Transcribe the entries below exactly, starting with the line that has "Description: cca 1948" and stopping after the line that has "69.45% | Y |"; no pictures belong in the copy.

▶ _Data supplied_
________________________

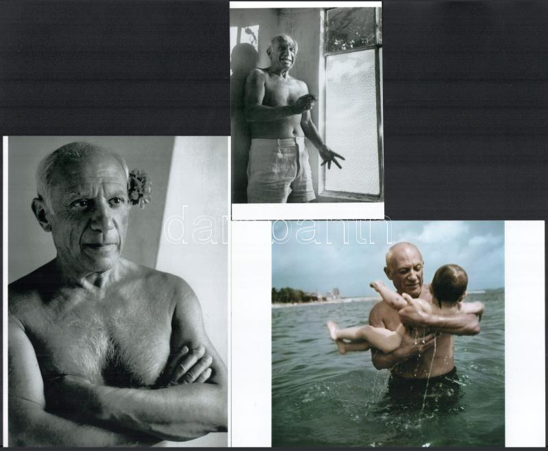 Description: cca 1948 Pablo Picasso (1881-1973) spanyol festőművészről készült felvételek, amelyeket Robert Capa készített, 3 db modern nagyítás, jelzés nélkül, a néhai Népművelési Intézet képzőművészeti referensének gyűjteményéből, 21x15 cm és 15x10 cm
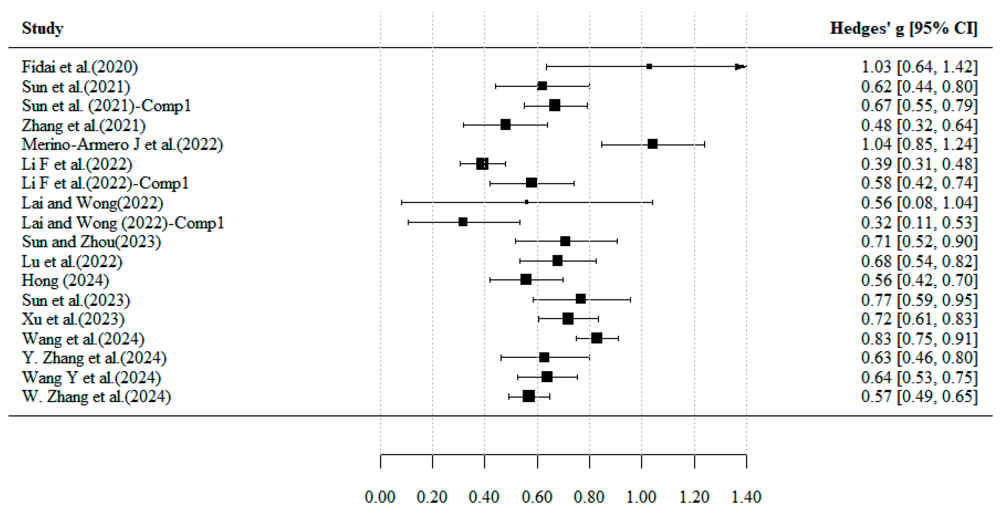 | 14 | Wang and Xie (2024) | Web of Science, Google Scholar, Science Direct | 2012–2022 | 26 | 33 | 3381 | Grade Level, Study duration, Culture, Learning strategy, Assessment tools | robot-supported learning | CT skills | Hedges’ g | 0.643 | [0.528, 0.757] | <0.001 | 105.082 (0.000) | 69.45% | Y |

________________________

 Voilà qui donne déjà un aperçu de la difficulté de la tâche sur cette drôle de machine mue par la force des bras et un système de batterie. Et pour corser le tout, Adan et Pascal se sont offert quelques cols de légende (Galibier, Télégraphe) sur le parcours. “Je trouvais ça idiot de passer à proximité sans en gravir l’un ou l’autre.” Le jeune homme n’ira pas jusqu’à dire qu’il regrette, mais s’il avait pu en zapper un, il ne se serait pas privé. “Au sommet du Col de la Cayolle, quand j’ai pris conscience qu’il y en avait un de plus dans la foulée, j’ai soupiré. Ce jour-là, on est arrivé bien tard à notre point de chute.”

________________________

▶ _Result of the task_
 Description: cca 1948 Pablo Picasso (1881-1973) spanyol festőművészről készült felvételek, amelyeket Robert Capa készített, 3 db modern nagyítás, jelzés nélkül, a néhai Népművelési Intézet képzőművészeti referensének gyűjteményéből, 21x15 cm és 15x10 cm
 | 14 | Wang and Xie (2024) | Web of Science, Google Scholar, Science Direct | 2012–2022 | 26 | 33 | 3381 | Grade Level, Study duration, Culture, Learning strategy, Assessment tools | robot-supported learning | CT skills | Hedges’ g | 0.643 | [0.528, 0.757] | <0.001 | 105.082 (0.000) | 69.45% | Y |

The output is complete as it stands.